Une belle union se nouait dans l’interaction des musiciens, entre boutades et regards complices on sentait qu’il était lui aussi monté à Saint-Casimir avec ses amis-poètes.

Livrant de manière magistrale leur art-folk expérimental, les musiciens donnaient une intensité tout autant musicale que corporelle, grands enfants frénétiques ne tenant pas sur leurs chaises. L’émotion qui traversait Patrick Watson le secouait de la tête aux pieds, une passion se dégageait de lui devant son instrument; la nuque luisante, le corps nerveux, changeant soudain de cap, bourrasque vivante entre l’imposant piano Daoust, son micro et la console.

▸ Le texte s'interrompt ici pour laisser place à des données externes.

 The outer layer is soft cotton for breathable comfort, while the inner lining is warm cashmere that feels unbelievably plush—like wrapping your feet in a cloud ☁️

Beau moment entre Patrick Watson, Mishka Stein et Ariel Engle pour la chanson Melody Noir, dans une proximité onirique à couper le souffle. Ariel Engle avait une voix si claire, pure et transperçante qu’elle nous donnait ce feeling d’élévation spirituel. Entremêlé à celle du chanteur et supportée par l’ahurissante technique de Mishka Stein, l’ensorcellement continuait en crescendo, produit par l’ivresse de Height of the Feeling suivi de Turn Into the Noise dont la sensualité prenait au ventre.

Avec son haut-parleur muni d’une sourdine pour en jouer à la manière d’une trompette, celui qui dit avoir le cerveau mushé s’est livré corps et âme entre savant fou, génie de la musique et grand chef d’orchestre d’une chorale de spectateurs un peu chaudailles.

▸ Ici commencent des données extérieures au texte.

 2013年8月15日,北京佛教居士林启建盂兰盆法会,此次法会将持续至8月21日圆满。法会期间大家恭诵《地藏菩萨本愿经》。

Le silence était désormais presque total (sauf deux trois woop woop ) pour apprécier l’étendue de la voix angélique de Patrick Watson. Le public ne s’est pas fait prier pour chanter, même si parfois c’était de manière chaotique et désordonnée. Faussement insulté de la non-connaissance des paroles de la ô combien poétique chanson en français Je te laisserai des mots (seule connue de mon ignorance crasse), le voici chantant comiquement plus lentement les paroles pour un éclat d’hilarité générale.

J’ai de plus en plus de monde avec des tatous maintenant et les mauvaises paroles.

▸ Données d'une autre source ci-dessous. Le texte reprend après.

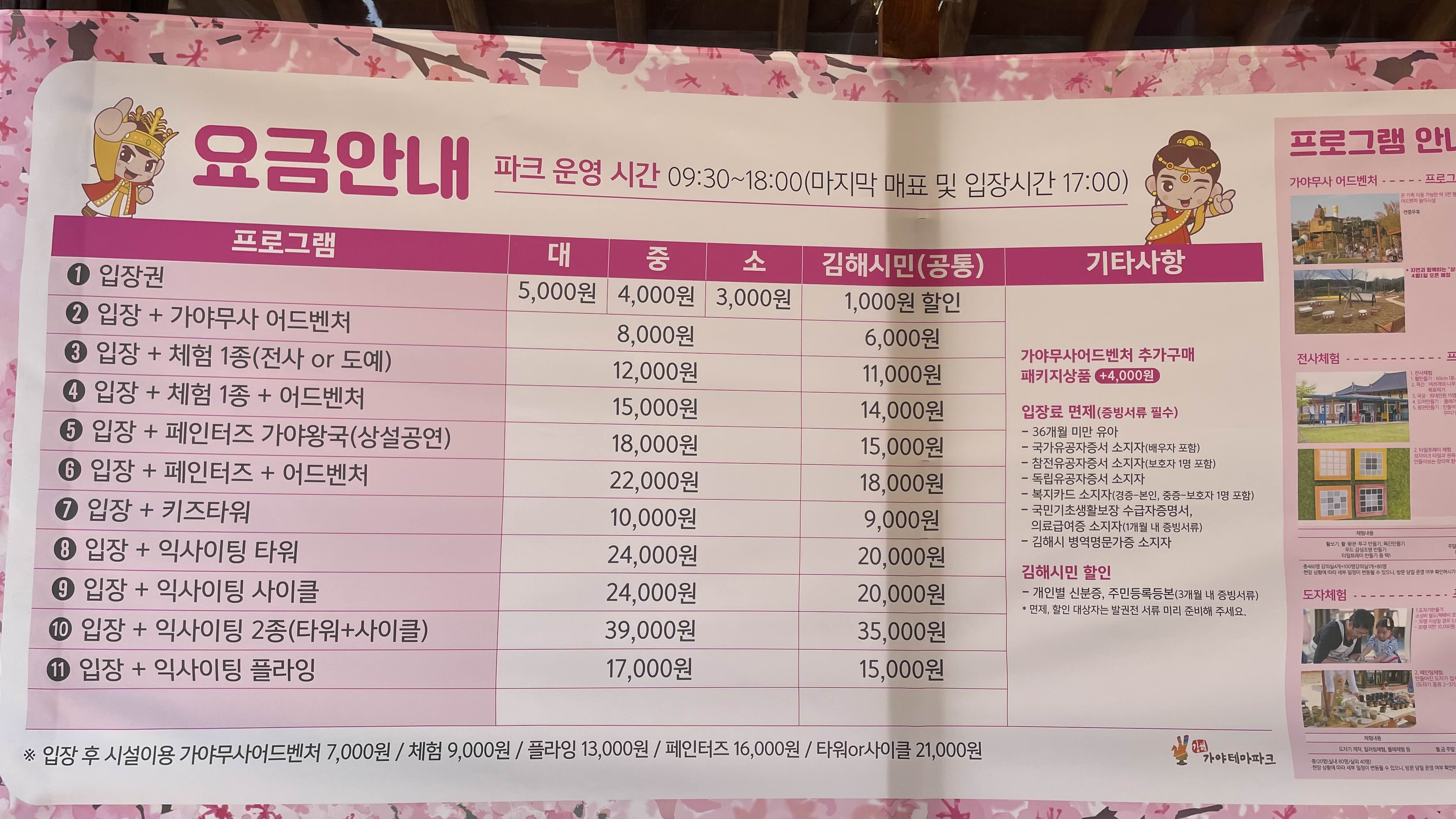 입장만 할 경우 성인 5천원이고, 김해시민은 모든 금액에 대해 1천원 할인이 적용됩니다.

Patrick Watson sur le massacre des paroles de Je te laisserais des mots.

Patrick Watson est décidément une personne avec un humour débordant et contagieux qui sait manier les mots autrement que pour nous ravir ou nous faire pleurer. J’ai rarement ri de même entre deux chansons qui me soulevaient l’interne. Tout était prétexte à la blague avec une répartie claquante et dans les deux langues, un être décidément aussi sensible que polyvalent. L’artiste appelle au calme pour nous romancer ensuite avec l’aérienne Here Comes the River. Le débordement de nos cœurs s’est alors joint à lui, avant d’aller nourrir celui de la noire rivière Sainte-Anne. Il quitte la scène avec ses musiciens sous un tonnerre d’applaudissements plus que mérités, vu l’étendue de talent présenté par chacun d’eux.

Il reviendra seul sur la scène pour le rappel, un projecteur pour unique lumière et dans la vision de sa silhouette découpée, il a interprété les pièces très attendues The Great Escape et Lighthouse, au grand bonheur de la foule qui se laissait emporter.

C’est un souvenir.

Patrick Watson avant de jouer dans l’obscurité la plus totale.

Dernier morceau, intime dans le noir pour Better in the Shade la chanson éponyme de son nouvel album. Une chanson absolument décrissante de beauté et de douleur à l’écho particulier.(Un magnifique clip est par ailleurs disponible sur les internets et c’est un vrai petit bijou de tissus et de poésie).

Patrick Watson nous a partagé ce souvenir avec beaucoup d’émotions pendant que les paroles et les notes du piano nous serraient les organes. À l’image d’une confidence qui fait mal, mais que l’on n’ose pas exprimer en plein jour de peur qu’elle devienne trop réelle.

Su’l retour

C’est complétement bouleversée, tout d’abord par la musique puis par le personnage que nous sommes reparti avec Titi Cook et les amis-poètes dans la Communauto où résonnait dans l’habitacle mon premier achat watsonnien « Close to Paradise ».

Mais voyez-vous, ce qui me bouleversait bien plus en regardant la route défiler, c’est le partage vertigineux de l’artiste, une porte ouverte sur ses deuils et ses joies, sans compromis et sans filtre. Je suis partie avec cette impression nette que quand Patrick Watson chantait, c’est avec une certaine dose de confiance en nous, tant sa vulnérabilité nous effleurait. Un cadeau éphémère en quelque sorte, fragile papillon, dont il faut prendre soin.